I can’t remember anything except being a lunatic beside the cage, howling “Get her Carsyn! You GO baby! Finish her Carsyn, finisssssh her!”
During a one-minute rest period, as Carsyn’s coaches cleaned up her cut eye, I realized her siblings, Gage and Lark, are gone. Embarrassed by their mama’s raging, they moved elsewhere. I don’t blame them.
Fighter Chick won by unanimous decision. She came away with a $1,000 check and a rainbow of a shiner. When I asked what she learned from this comeback experience, she said, “It felt super surreal – the first real professional training structure I’ve had. Now I know I’m a quick learner, after years of trial and error with not much guidance.”

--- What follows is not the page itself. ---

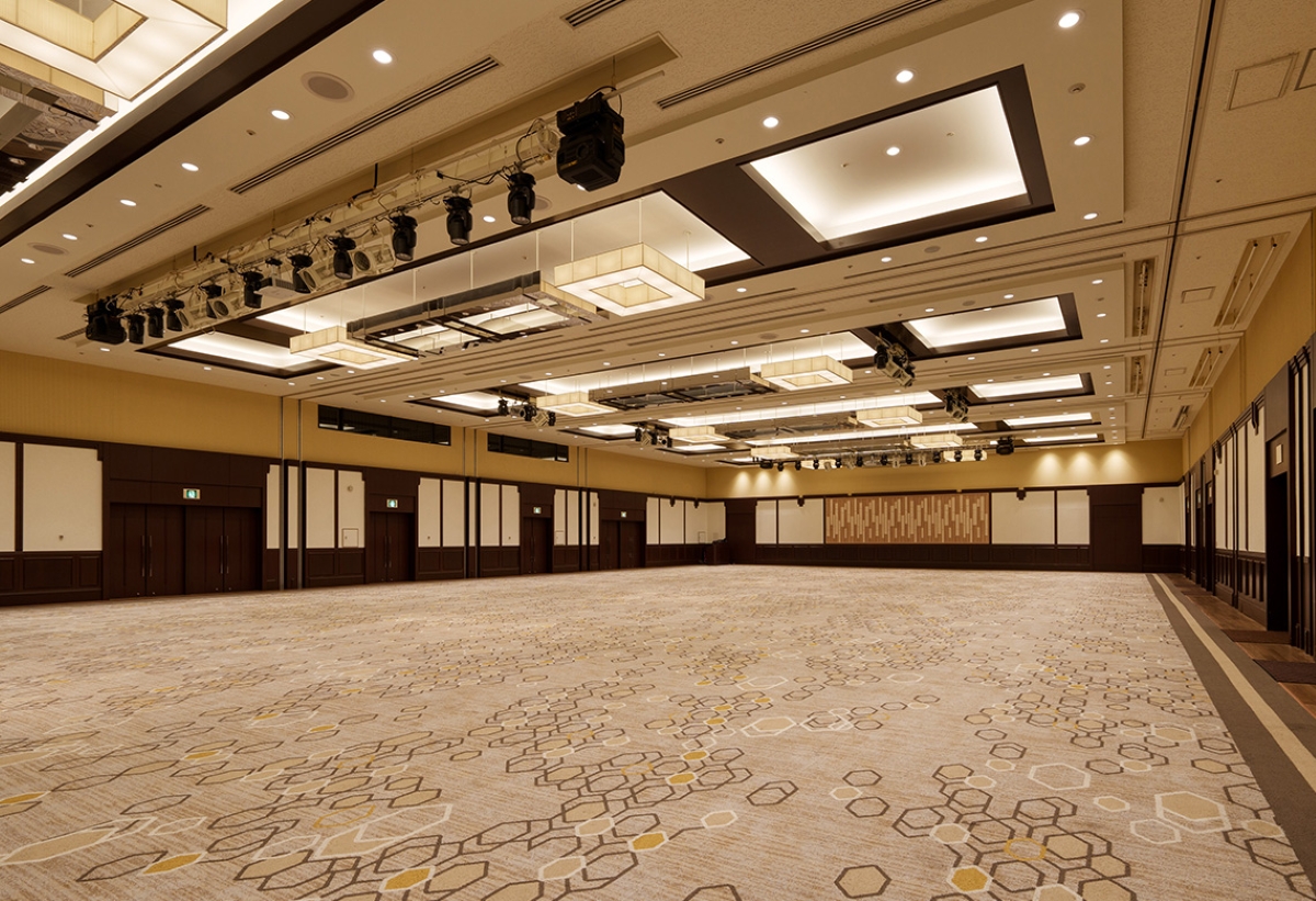 大宴会場「飛翔」大人数はもちろん、少人数でも気兼ねなく楽しめるスタイルを用意しています。

The feedback from her coaches and sparring partners was all the same: you could have finished that fight anytime you wanted.
Carsyn put it this way, “I used all the techniques I practiced and put on a good professional show. Now I need to use my ability to ignite the brawl and hit hard when I still have the gas to move away if she throws back. If I’m better everywhere than she is, it’s okay to take that risk.”
I asked if she could hear her three coaches over the crazy crowd cacophony. “I’m lucky,” she said. “I hear only the voices I’ve been training with. Other fighters struggle with that. If you trust your coaches and HEAR them, all you have to worry about is having a sound defense, because they’re playing the rest of the game for you.”
If you say so baby…but over your mama’s mad shrieking, I don’t know how you do that.